Your read models are the queries that serve the denormalised data (maybe from its separate data store). While using separate read models you optimise for performance but also add neccessary complexity.

  • Separate the read concern from writes (and its persistence store)
  • Ease of adding cross cutting concerns like testing, logging, auditing, caching, authorising, scaling, etc.

Read side storage could range from RDMS to fast NoSQL solutions like document DBs and key-value stores.

Synchronisation between the data stores

The way I do it is: whenever a command executes, it publishes an event containing the payload of IDs necessary to start reconstituting the read store (to be in sync with the write side).

To answer the question you asked in a comment, syncing really depends on your actual architecture. I, for one, am really against pushing code out to external sources (e.g. triggers, batch jobs) if possible. I prefer the inverse: push all code as deep as possible into my own implementations (over which I have direct control). As stated, I'm using commands, events, and queries for data manipulation.

A concrete lightweight example:

  1. A request is caught by an IIS-hosted WebApi or MVC controller.
  2. The Controller populates the respective command object with values from the request.
  3. A CommandHandler gets fired up from the Controller.
    • The command handler does its job storing the given write model
    • The command handler raises an event to notify the subscribers about the change
  4. An EventHandler, responsible for handling the event raised by the previous command handler, fires up a new command that's responsible for reconstituting the read store side.

To summarize the points above: you have the flow of syncing in your hand, and do not depend on third-party solutions like triggers, NT services, and so on.

Some things to note:

  • Since we adhere to Command Query Separation, we can easily decorate point 2 with command authorisation, validation, logging, etc. without actually modifying the code in the Controller or the command handler.
  • As you may have noticed, we struggle to keep parts of this subsystem as decoupled and testable as possible.

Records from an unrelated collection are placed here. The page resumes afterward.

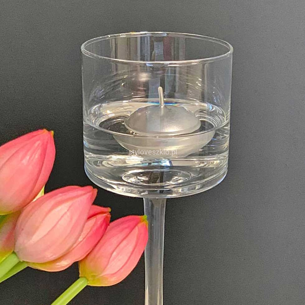 Świecznik szklany na nodze to elegancki i bardzo praktyczny w zastosowaniu element dekoracyjny. Cylindryczna czasza świecznika została osadzona na długiej, smukłej nóżce. Restauratorzy wykorzystują świecznik szklany na nodze jako lampiony wzdłuż całego stołu. Można zakupić je w hurtowych ilościach i ozdobić nimi całą restaurację, kawiarnię lub hotelowe lobby. Świecznik szklany na nodze wykonany jest z gładkiego lub mrożonego szkła.
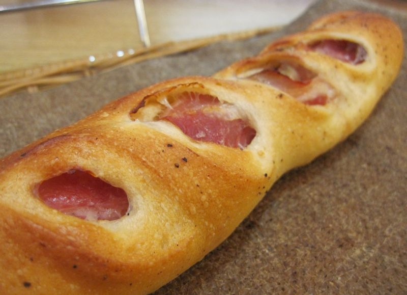 フランスパン生地にベーコンとブラックペッパーを入れ焼き上げました。薄くスライスしてビールのおつまみにどうぞ!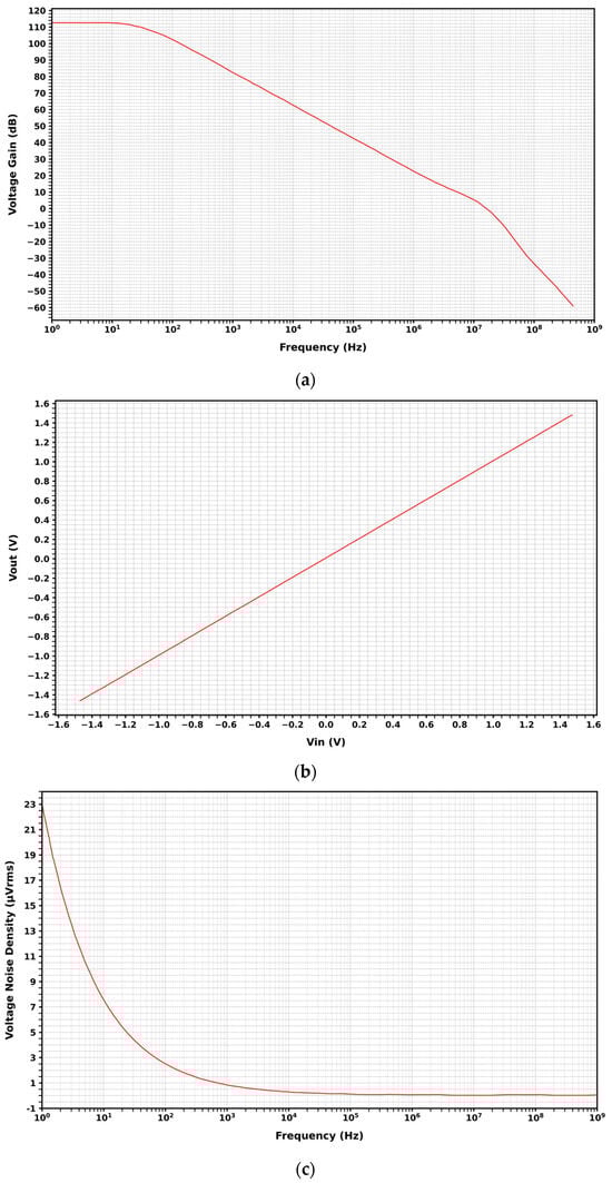 The designed OPAMP achieves an open -loop gain of 110 dB, a unity gain bandwidth of 20 MHz, and a power consumption of 44 µW with a ± 1.65 V power supply. Figure 4a elucidates the frequency response of the OPAMP with a load capacitance of 1 pF. The DC response captured in Figure 4b is conducted in unity gain mode by shorting the inverting terminal with output and sweeping the voltage at the non-inverting terminal from −1.5 V to +1.5 V. It achieves an output swing of −1.5 V to +1.5 V. To measure the noise of the OPAMP, all the AC input voltages are set to ground potential and the Root Mean Square (RMS) noise is measured at the output of OPAMP. Noise performance of the OPAMP is shown in Figure 4c and by integrating the noise over the frequency range of 1 Hz to 20 MHz, the calculated RMS output noise of the OPAMP is 233 µ.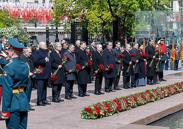 | Chinese President Xi Jinping, along with other leaders, lays flowers at the Tomb of the Unknown Soldier and observes a moment of silence, following the celebrations marking the 80th anniversary of the victory in the Soviet Union's Great Patriotic War in Moscow, Russia, May 9, 2025. [Xinhua/Zhai Jianlan] |
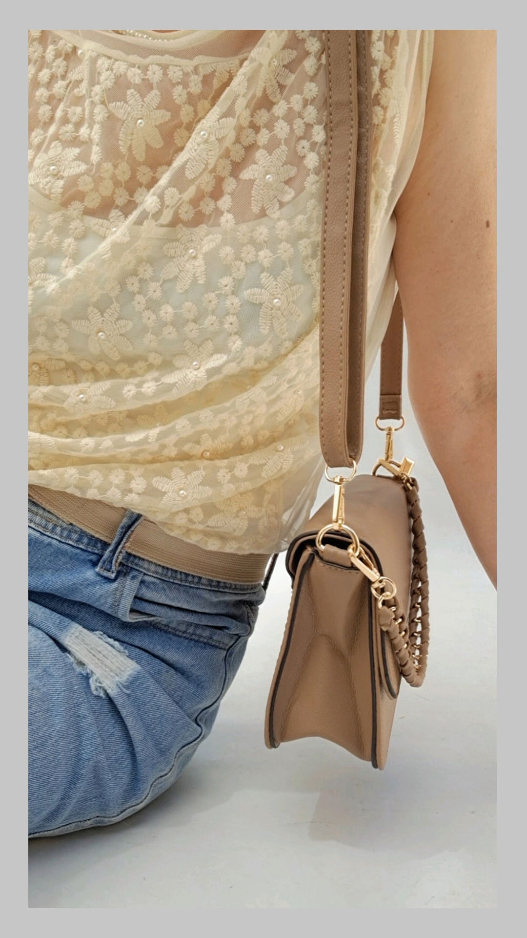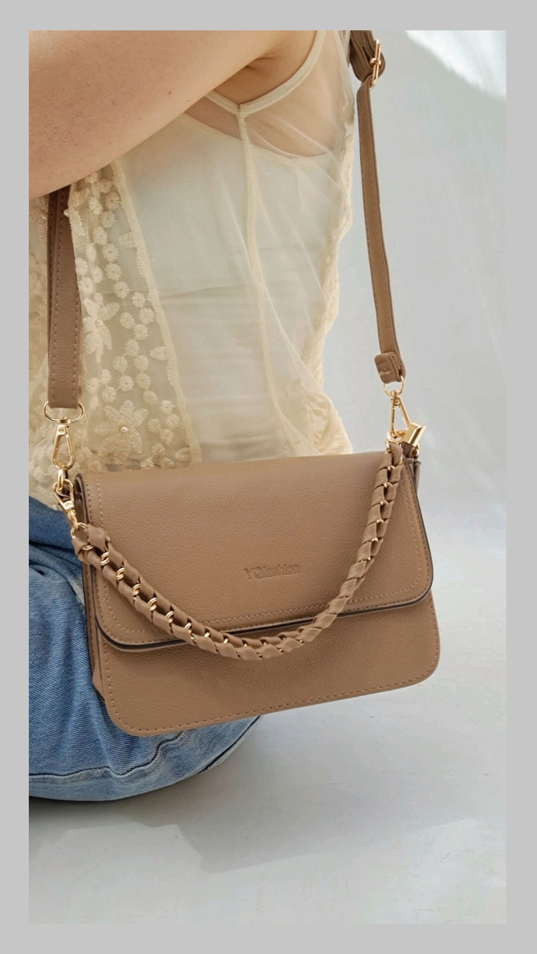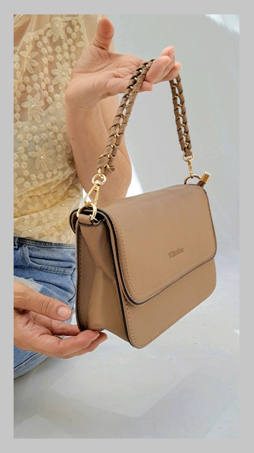 Minibag ecocuero con doble correas desmontables. Correa corta de cadena forrada trenzada.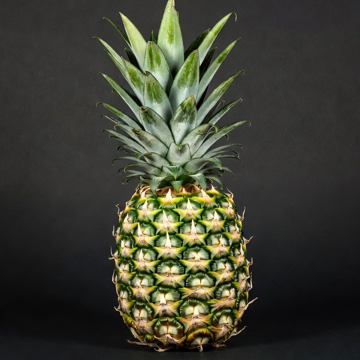 black background, exotic fruit, fresh pineapple, fruit, golden skin, green pineapple, isolated, produce, spiky leaves, textured fruit, tropical fruit, pineapple

Also, the concerns are blindingly separated.

Your question about "what if the event handler dies?" is gong to make this a bit more complex, by introducing new concepts called Eventual Consistency and message/event queuing. Quoting Greg Young:

On most systems you can just use a queue as the read system will want pretty much every event from the write system anyways.

This concept extends this answer with:

  • a place to store all events that happened on the write side
  • a queue that goes through these stored events and applies them to the read side

Conclusion

All this above is nothing new. I like to call this CQRS Lite - a term I have borrowed from Dino Esposito. He has a very comprehensive tutorial course on this at PluralSight. I wholeheartedly recommend that you watch it there, as there is a lot to learn from him. [1]

[1] It must be noted here that this course is behind a paywall, it means you need to pay money to watch it, and I would like to make it clear that I'm not affiliated with PluralSight in any ways.

Another good source of information on this subject is CQRS Performance Engineering: Read vs Read/Write Models from Derick Bailey.